● **ASSIGNED TASK**
Each record below should be reproduced as it is written, with pictures left out entirely.

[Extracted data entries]
::::::::

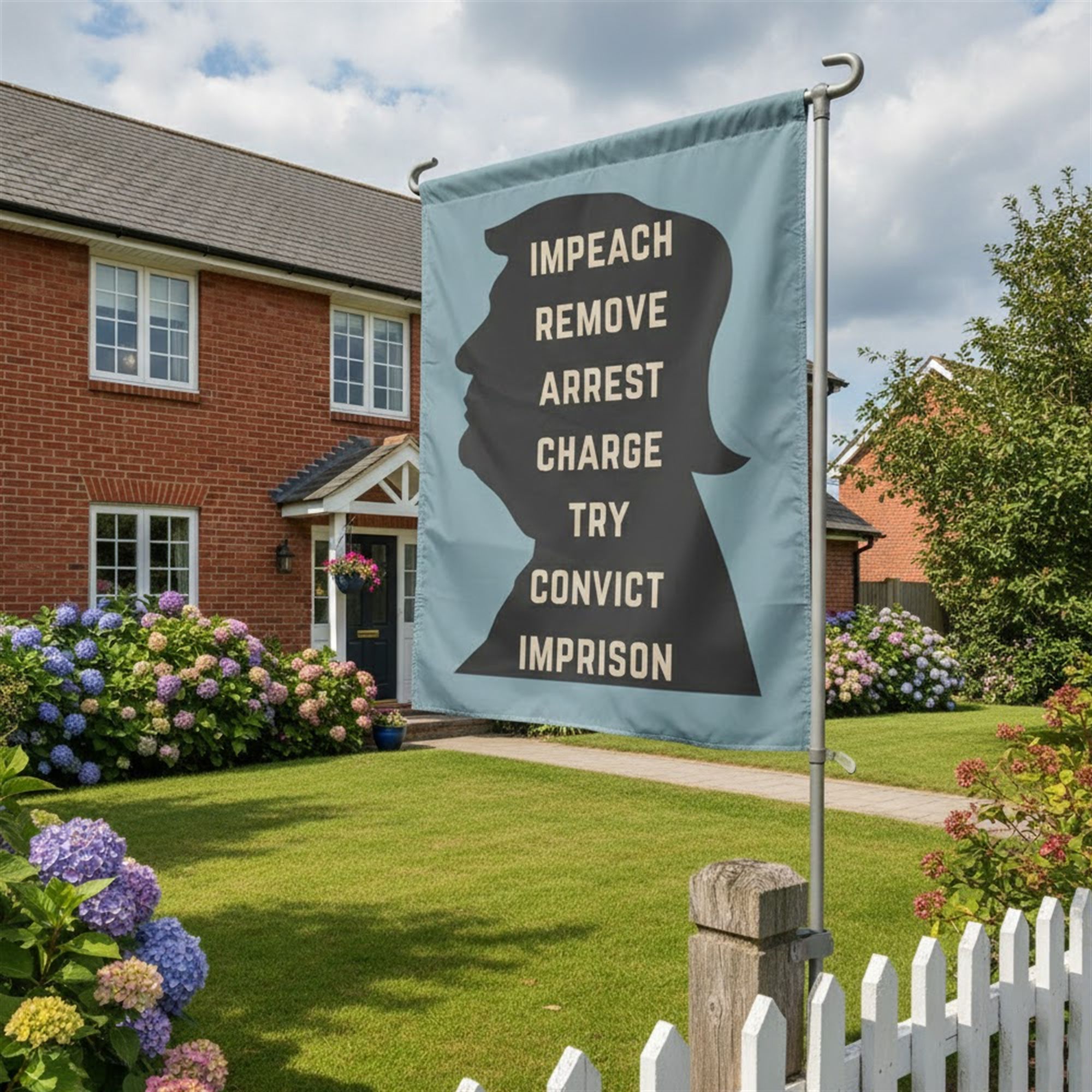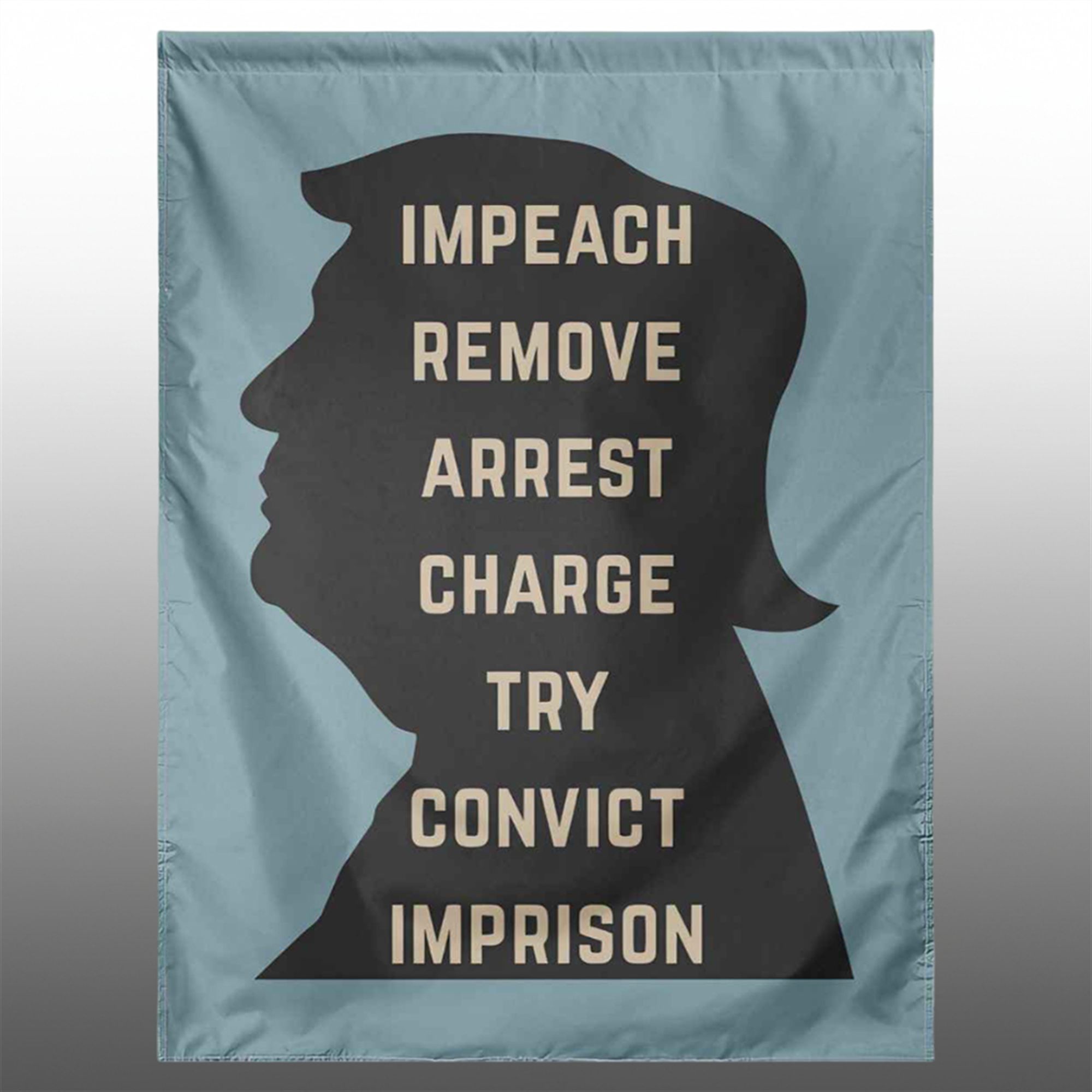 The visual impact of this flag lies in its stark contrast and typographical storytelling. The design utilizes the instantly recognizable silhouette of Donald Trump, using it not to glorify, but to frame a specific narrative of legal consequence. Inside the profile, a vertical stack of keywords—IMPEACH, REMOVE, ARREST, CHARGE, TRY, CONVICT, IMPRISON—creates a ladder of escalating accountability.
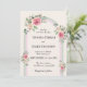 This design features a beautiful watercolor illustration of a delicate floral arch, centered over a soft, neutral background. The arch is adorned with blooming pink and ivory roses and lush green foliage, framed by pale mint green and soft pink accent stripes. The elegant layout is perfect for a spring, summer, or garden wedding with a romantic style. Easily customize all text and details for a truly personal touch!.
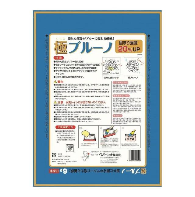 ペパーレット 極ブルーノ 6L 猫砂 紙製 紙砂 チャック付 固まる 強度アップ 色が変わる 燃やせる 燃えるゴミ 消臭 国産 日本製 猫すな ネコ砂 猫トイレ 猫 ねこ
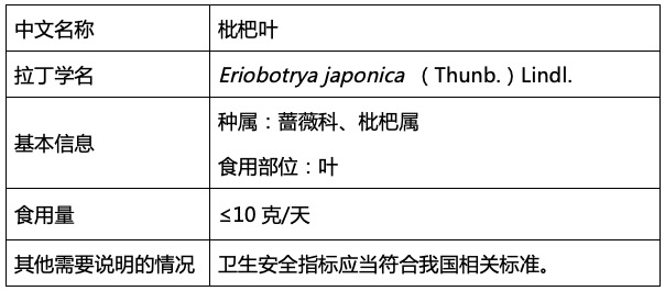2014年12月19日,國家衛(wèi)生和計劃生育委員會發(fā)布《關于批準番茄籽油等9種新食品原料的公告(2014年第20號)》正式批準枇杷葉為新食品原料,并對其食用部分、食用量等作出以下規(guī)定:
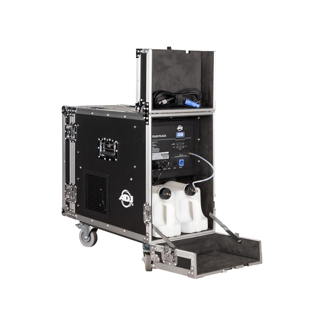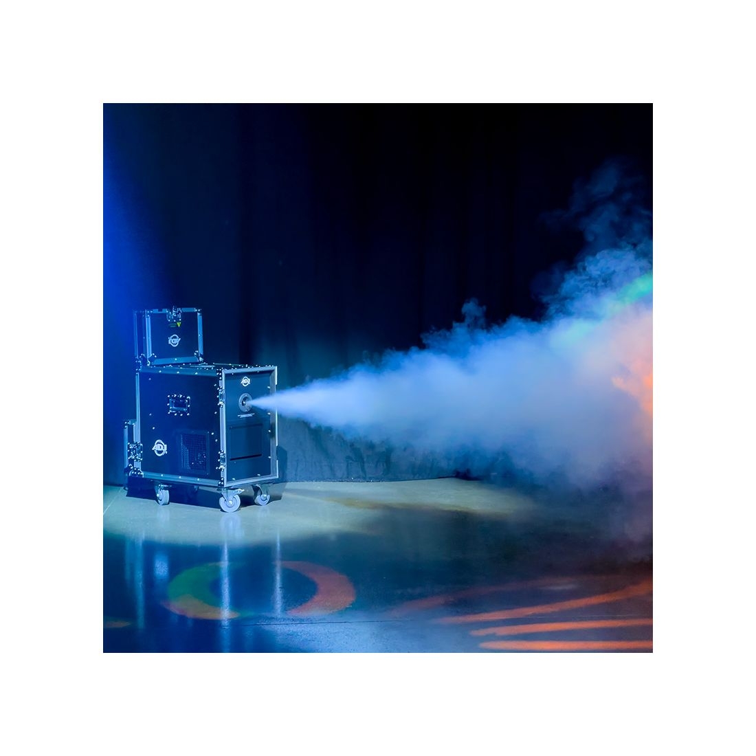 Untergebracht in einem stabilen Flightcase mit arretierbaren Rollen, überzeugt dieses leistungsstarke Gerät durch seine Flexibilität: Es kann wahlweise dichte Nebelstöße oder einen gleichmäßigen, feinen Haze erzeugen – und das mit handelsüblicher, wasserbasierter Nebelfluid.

::::::::

● **RESULT**
 The visual impact of this flag lies in its stark contrast and typographical storytelling. The design utilizes the instantly recognizable silhouette of Donald Trump, using it not to glorify, but to frame a specific narrative of legal consequence. Inside the profile, a vertical stack of keywords—IMPEACH, REMOVE, ARREST, CHARGE, TRY, CONVICT, IMPRISON—creates a ladder of escalating accountability.
 This design features a beautiful watercolor illustration of a delicate floral arch, centered over a soft, neutral background. The arch is adorned with blooming pink and ivory roses and lush green foliage, framed by pale mint green and soft pink accent stripes. The elegant layout is perfect for a spring, summer, or garden wedding with a romantic style. Easily customize all text and details for a truly personal touch!.
 ペパーレット 極ブルーノ 6L 猫砂 紙製 紙砂 チャック付 固まる 強度アップ 色が変わる 燃やせる 燃えるゴミ 消臭 国産 日本製 猫すな ネコ砂 猫トイレ 猫 ねこ
2014年12月19日,國家衛(wèi)生和計劃生育委員會發(fā)布《關于批準番茄籽油等9種新食品原料的公告(2014年第20號)》正式批準枇杷葉為新食品原料,并對其食用部分、食用量等作出以下規(guī)定:
 Untergebracht in einem stabilen Flightcase mit arretierbaren Rollen, überzeugt dieses leistungsstarke Gerät durch seine Flexibilität: Es kann wahlweise dichte Nebelstöße oder einen gleichmäßigen, feinen Haze erzeugen – und das mit handelsüblicher, wasserbasierter Nebelfluid.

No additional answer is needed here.